● **Problem**
Transcribe the listing in full, word for word; pictures do not belong in the copy.

---------- Exercise data ----------

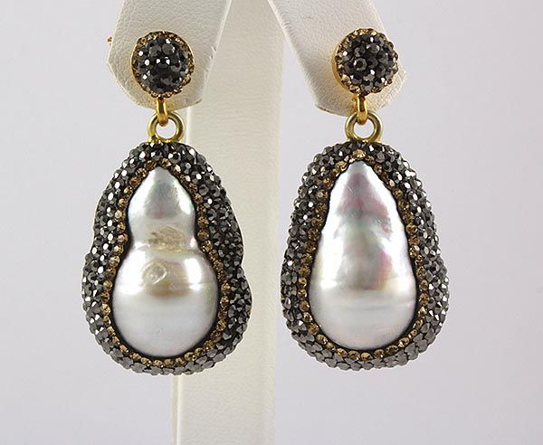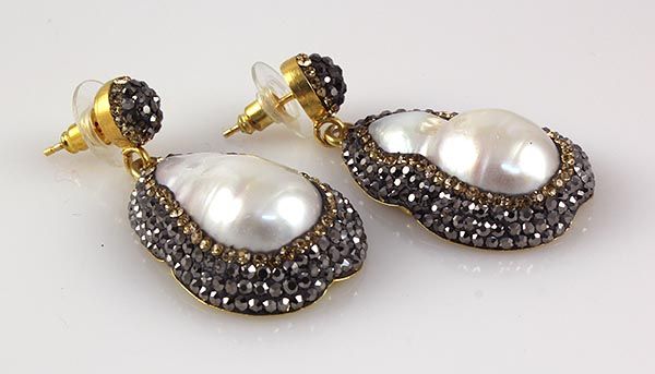 Victorian Vintage Mother of Pearl Earring **|**|** 17.95g Victorian Design Mother of Pearl Earring w/ CZ diamonds; 925 stamp gold plated ; MSRP: $100
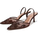 FEATURES: Exquisitely crafted with delicate intricate embroidery, and bead accents, these slingback heels blend sophistication with modern. The backless silhouette and pointed toe elevate their bridal-ready appeal for weddings or formal events.
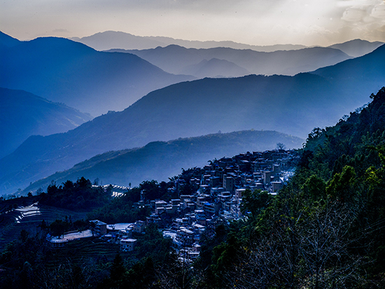 【远山如黛】元阳县攀枝花乡阿勐控村,远处黛色的群山隐映,如诗如画。古人有诗曰:“晓雾轻绡卷,岚光抹黛新。”青黛对中国古代文人而言,是一种高洁的颜色。青山也是古诗中常见的意象。唐人有诗云:“青山与白云,方展我怀抱。”青黛在五行中属木,是东方的颜色。

----------

● **Output for this task**
 Victorian Vintage Mother of Pearl Earring **|**|** 17.95g Victorian Design Mother of Pearl Earring w/ CZ diamonds; 925 stamp gold plated ; MSRP: $100
 FEATURES: Exquisitely crafted with delicate intricate embroidery, and bead accents, these slingback heels blend sophistication with modern. The backless silhouette and pointed toe elevate their bridal-ready appeal for weddings or formal events.
 【远山如黛】元阳县攀枝花乡阿勐控村,远处黛色的群山隐映,如诗如画。古人有诗曰:“晓雾轻绡卷,岚光抹黛新。”青黛对中国古代文人而言,是一种高洁的颜色。青山也是古诗中常见的意象。唐人有诗云:“青山与白云,方展我怀抱。”青黛在五行中属木,是东方的颜色。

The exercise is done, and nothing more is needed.